From Spike Lee and Woody Allen’s takes on New York life to Stanley Kubrick and James Cameron’s new experiments with special effects, these ten directors topped our list of wave-makers and game-changers. Each of them showed the establishment how approach movies from new perspectives, and each one deserves to be called a maverick.

Some of these towering figures are no longer with us, and a few are still making their marks, but we have them all to thank for heading into new territory and ensuring that other creators down the line would be inspired to think differently as well.

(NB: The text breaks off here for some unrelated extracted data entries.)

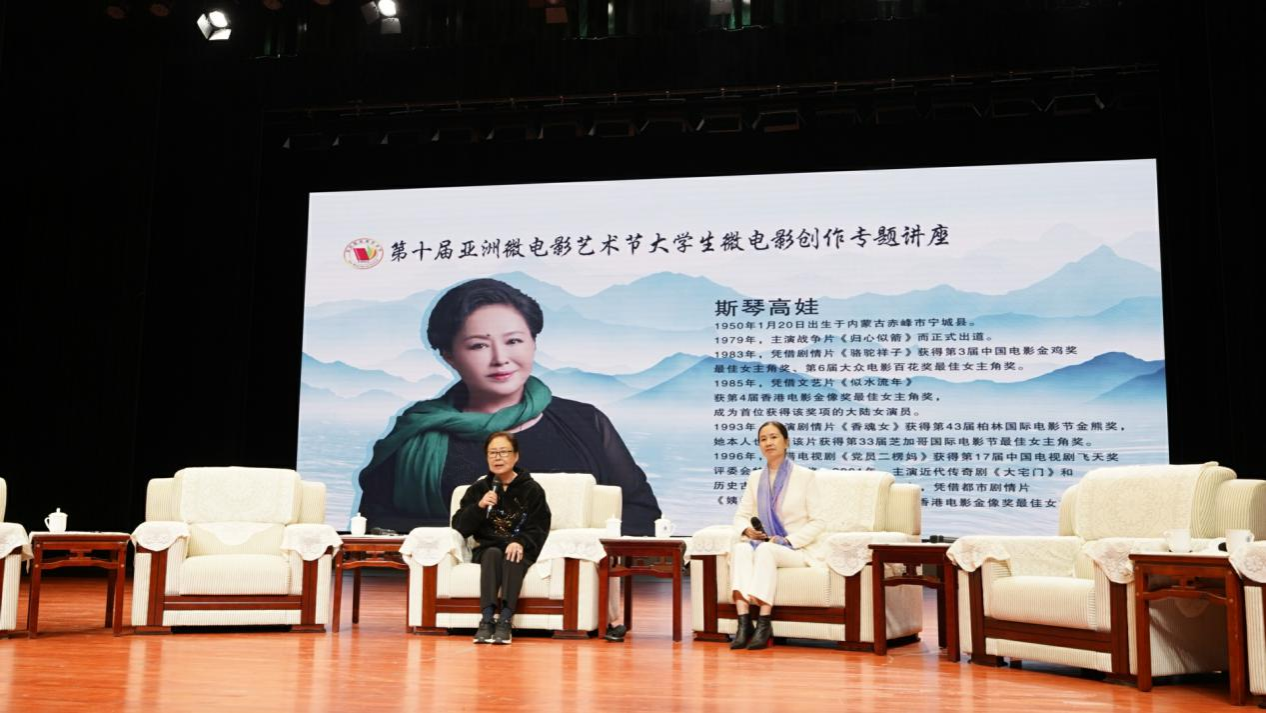 亚洲微电影学院常务副院长斯琴高娃老师与在场师生进行了亲切的对话,她回顾了自己成长的经历,她表示将继续支持亚洲微电影学院的发展,激励同学们保持热爱、保持初心、勇敢追求。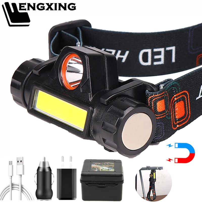Портативные светодиодные фары XP-G Q5 Встроенные 18650 Водонепроницаемого Фара COB Режим освещения Светой работы 2 кемпинг Факел Head Lamp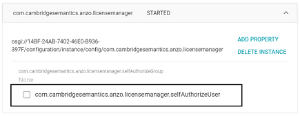 Find the com.cambridgesemantics.anzo.licensemanager.selfAuthorizeUser property (shown below).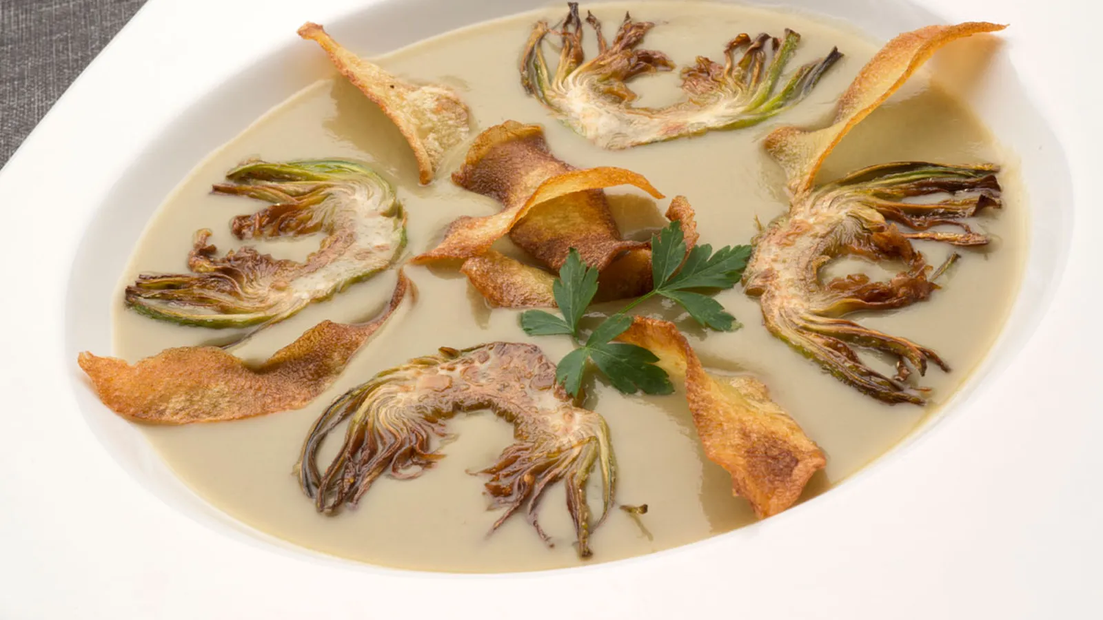 Receta de Karlos Arguiñano de crema de alcachofas decorada con chips de patata y de alcachofa, un plato muy sencillo y saludable, apto para vegetarianos y veganos.

For more on today’s maverick filmmakers, tune in to the 2012 Spirit Awards on Saturday, February 25 at 10/9c on IFC. And while you’re watching, don’t forget to log into IFC.com chat with our movie experts LIVE via IFC Sync, presented by Capital One.


10. Amy Heckerling

Career highlights: “Fast Times at Ridgemont High,” ”European Vacation,” “Clueless”
Paved the way for: Judd Apatow, Kevin Smith and John Hughes

Heckerling gained a cult foothold in an overwhelmingly male-dominated class of directors when her film “Fast Times at Ridgemont High” debuted in 1982. “European Vacation” and “Look Who’s Talking” cemented her place in ‘80s comedy, but they also proved her ability to score big rankings and dollars at the box office.


9. Robert Redford

Career highlights: “Ordinary People,” “Quiz Show”
Paved the way for: Quentin Tarantino, Steven Soderbergh and Darren Aronofsky

It is difficult to understate the importance of Redford’s career and the extent of his impact on film both inside and outside of Hollywood. After building a formidable acting career (which already included an Oscar nomination for “The Sting”), he earned a directing win right out of the gate for 1980’s “Ordinary People.” His honorary Oscar in 2002 speaks for his career as a whole, though, as well as the importance of the Sundance Institute, which has opened big doors for countless directors and independent projects.


8. Kathryn Bigelow

Career highlights: “Near Dark,” “Point Break,” “The Hurt Locker”
Paved the way for: The Wachowskis and Mary Harron

A diehard indie filmmaker throughout her career, Bigelow made history with her 2009 Best Director Oscar for “The Hurt Locker.” She was the first woman to win in the category, but it only marks the tip of her iceberg-sized career. Few resumes come with credits as diverse and awesome as her jarring Best Picture-winner, “Point Break” and “Near Dark”—regardless of gender. When it comes to directors, her creative brilliance and scope are in a class of their own.


7. Spike Lee

Career highlights: “Do the Right Thing,” “Malcolm X” and “Bamboozled”
Paved the way for: Lee Daniels, John Singleton and Dee Rees

Lee may be a magnet for controversy, but the fact of the matter is that the guy knows how to direct a well-crafted film, even when the project doesn’t translate to a ticket-sales jackpot. “Bamboozled” and “Miracle at St. Anna” have suffered their fair shares of critical attacks, but even when they were getting picked apart, they still introduced discourses on race at the movies that all too often stay clear of the spotlight.


6. Woody Allen

Career highlights: “Annie Hall,” “Manhattan” and “Midnight in Paris”
Paved the way for: Zach Braff, Jon Favreau and Christopher Guest

Woody Allen staked out his own genre of nakedly up-front narrators and navel-gazing New Yorkers, but his larger body of work has been a titanic beacon for aspiring filmmakers of all types. His movies make big budgets and big casts seem absolutely unnecessary, and his use of simple documentary techniques in his comedies paved the way for countless mockumentaries and narrator-driven flicks that have sprouted up in recent decades.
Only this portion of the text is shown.